The continued search for strong and tough ceramic core materials has led to the integration of yttria-tetragonal zirconia polycrystals (Y-TZP) into restorative dentistry. Y-TZP offers high flexural strength and toughness, approximately twice that of alumina core materials. Clinical studies on the longevity of veneered Y-TZP crowns are not yet available, but anecdotal reports indicate that these zirconia cores are very fracture-resistant, but that fracture of the porcelain veneer is still problematic (Donovan, 2005).

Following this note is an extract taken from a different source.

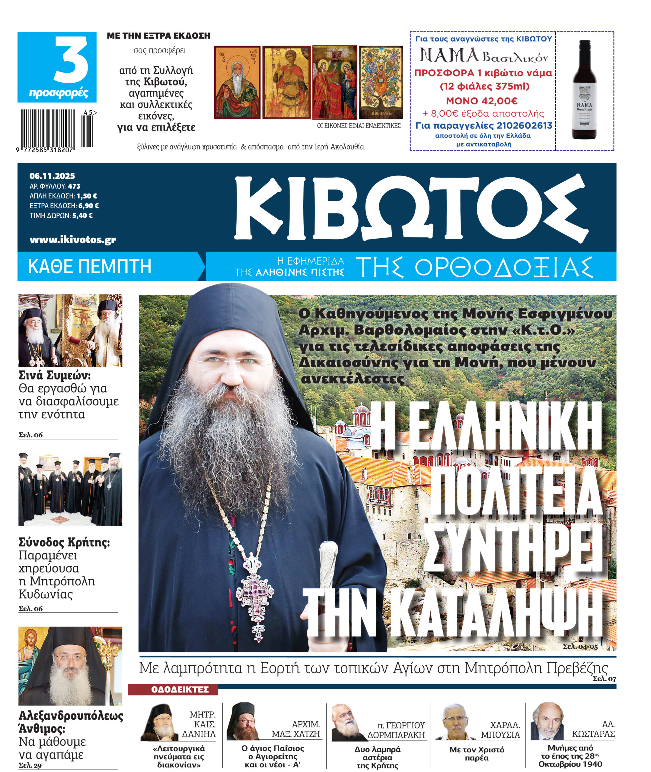 Την Πέμπτη 06 Νοεμβρίου η εφημερίδα Κιβωτός της Ορθοδοξίας σας προσφέρει πολλές αγαπημένες εικόνες, για να επιλέξετε.

We undertook this investigation to establish critical conditions for lifetime-limiting damage in porcelain-based crown-like layer structures. Controlled indentation fatigue testing with spheres on flat-layer specimens has been used to simulate the basic elements of occlusion on a restorative structure. Previous studies on single-cycle loading of porcelain/metal/polymer (Zhao et al., 2000, 2001, 2002) and porcelain/ceramic/polymer (Miranda et al., 2003) systems have identified and quantified several damage modes (Fig. 1): near-contact occlusal-surface fracture modes, including outer Hertzian cone cracks (Hertz, 1896) and median-radial cracks (Gurney and Hunt, 1967; Kim et al., 1999; Lee et al., 2000). The outer cone cracks initiate just outside the indenter contact area, where the maximum Hertzian field tensile stress occurs, and have an angle ~ 22° relative to the specimen surface (Fig. 1). Quasi-plastic deformation occurs beneath the indenter, producing grain boundary microcracks, which coalesce and evolve into occlusal-surface median-radial cracks (Fischer-Cripps and Lawn, 1996a,b). Far-field veneer lower-surface radial cracks (Fig. 1a, porcelain/metal system) or cementation internal-surface radial cracks (Fig. 1b, porcelain/ceramic system) result from tensile stresses generated during loading from yield of metal substructure or tooth dentin support, respectively.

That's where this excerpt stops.